Takımın en skorer oyuncusu Gibson 4/19 gibi feci bir yüzdeyle şutladı. Sezon başında boyalı alandan sayı bulmakta ve ribaund almakta sıkıntı çeken Trabzonspor’a Elton Brown şimdilik ilaç olmuş gibi görünüyor. Polat-Kerem ikilisinin formu yükselmeye devam ediyor. Kerem’in haftaya damgasını vuran performansına yazık oldu. Bu dört oyuncu dışında skor katkısı gelmemesi Trabzonspor hücumlarını kısırlaştırıyor. Özellikle 4 numarada Salyers’dan beklenen şut performansı henüz gelmedi. İşte, Gibson’ın daha dengeli şut attığı, Salyers ve Robinson’ın skor yaptığı bir takım haline erişmeliyiz en kısa sürede.

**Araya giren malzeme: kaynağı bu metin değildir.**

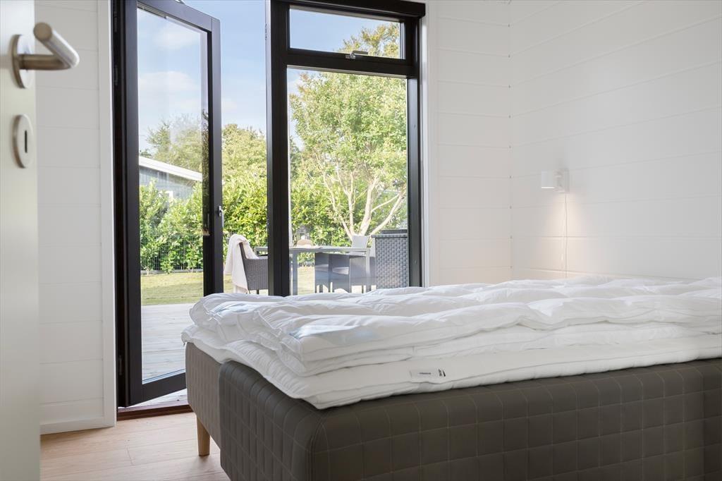 Soveværelserne er lyst indrettet med komfortable dobbeltsenge og skabsplads. På et af soveværelserne er der dog to enkeltmandssenge, som kan adskilles. Alle værelser har store gulv til loft vinduer og en havedør ud til den østvendte have eller vestvendte terrasse. De store vinduer, lyse vægge og det flotte træplankegulv er gennemgående i hele sommerhuset, hvilket gør det til et gennemført og dejligt hus at være i.
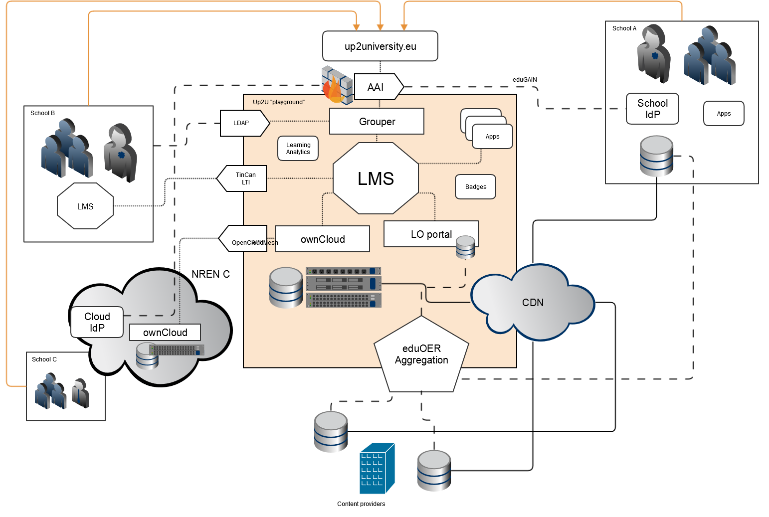 There was a consensus about the need of a central LMS system that Up2U provides to all schools willing to participate in piloting without their own LMS. Moodle is the choice to start with. Must be pluggable to swap if decided.
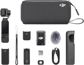 | Lieferumfang | DJI Osmo Pocket 3, USB-C auf USB-C PD Kabel, Schutzhülle, Handgelenkschlaufe, Griff mit 1/4" Gewinde, Weitwinkelobjektiv, DJI Mic 2 Sender (Shadow Black), Mic 2 Windschutz & Magnetclip, Akkugriff, Mini-Stativ, Tragetasche |
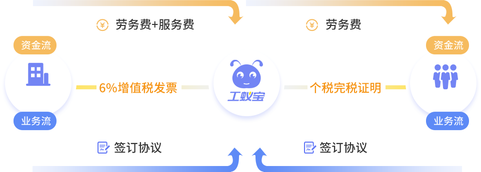 共享經(jīng)濟(jì)下,工蟻寶作為用工智能撮合平臺(tái),完成發(fā)包、接單、執(zhí)行、審核、結(jié)算、報(bào)稅等一體化管理。 企業(yè)通過(guò)工蟻寶平臺(tái)發(fā)包(發(fā)任務(wù)),靈工通過(guò)平臺(tái)接包(接任務(wù)),建立起業(yè)務(wù)合作關(guān)系;企業(yè)通過(guò)平臺(tái)支付靈工的費(fèi)用,并拿到增值稅專(zhuān)票;然后平臺(tái)代扣代繳個(gè)稅后,給靈工發(fā)放費(fèi)用;最終做到合同流、業(yè)務(wù)流、資金流、票據(jù)流,四流一致,合理合規(guī)降低企業(yè)成本。

Buraya kadar anlattıklarım istatistiklerin gösterdikleri. Bir de görünmeyenler var… Mesela oyun karakteri! Maçın başında geri düşmemize şaşırmadık. Hemen hemen her karşılaşmaya geride giriyoruz zaten. Üçüncü periyottaki direniş ve diriliş ise takımımızın inatçılığının göstergesi. Top kayıpları ve kaçan faul atışları motivasyon düşüklüğünden kaynaklanabilir çoğu zaman. Ancak bizim için geçerli değil. Çünkü motivasyon sorunu yaşayan oyuncular maç içinde böylesine geri dönüşleri sergileyemez. Çeyrekler arası istikrarsızlık sorunumuzu aşıp iyi oyunu, bir türlü daha uzun süreye yayamıyoruz. Çözüm, problem cümlesinin içinde saklı: Zaman!

Zaman demişken bir kısım sabırsız taraftarın çeşitli ortamlardaki “istifa” çağrılarının maç sonundaki anlık duygusallıktan kaynaklandığını düşünüyorum. Trabzonspor basketbol takımının yaz döneminde yaşadığı sıkıntıları bilen, 3 yabancı oyuncusunun ilk kez bir arada maça çıktığının farkında olan “Trabzonsporlu basketbolsever”ler böyle zamanlarda farkını ortaya koymalı. Şu bir gerçek; hedefiniz lige tutunmak iken, evinizde hedef rakibinize kaybediyorsanız, hem de son topta kaybediyorsanız kazan kaynamaya başlar. Mühim olan ateşe körükle gitmek değil gerçekçi, akıllı ve sağduyulu davranmaktır. Büyük Trabzonspor taraftarı hocasına ve oyuncularına sahip çıkmalı. İşimizin zor olduğunu biliyoruz. Daha soğukkanlı kalmalıyız.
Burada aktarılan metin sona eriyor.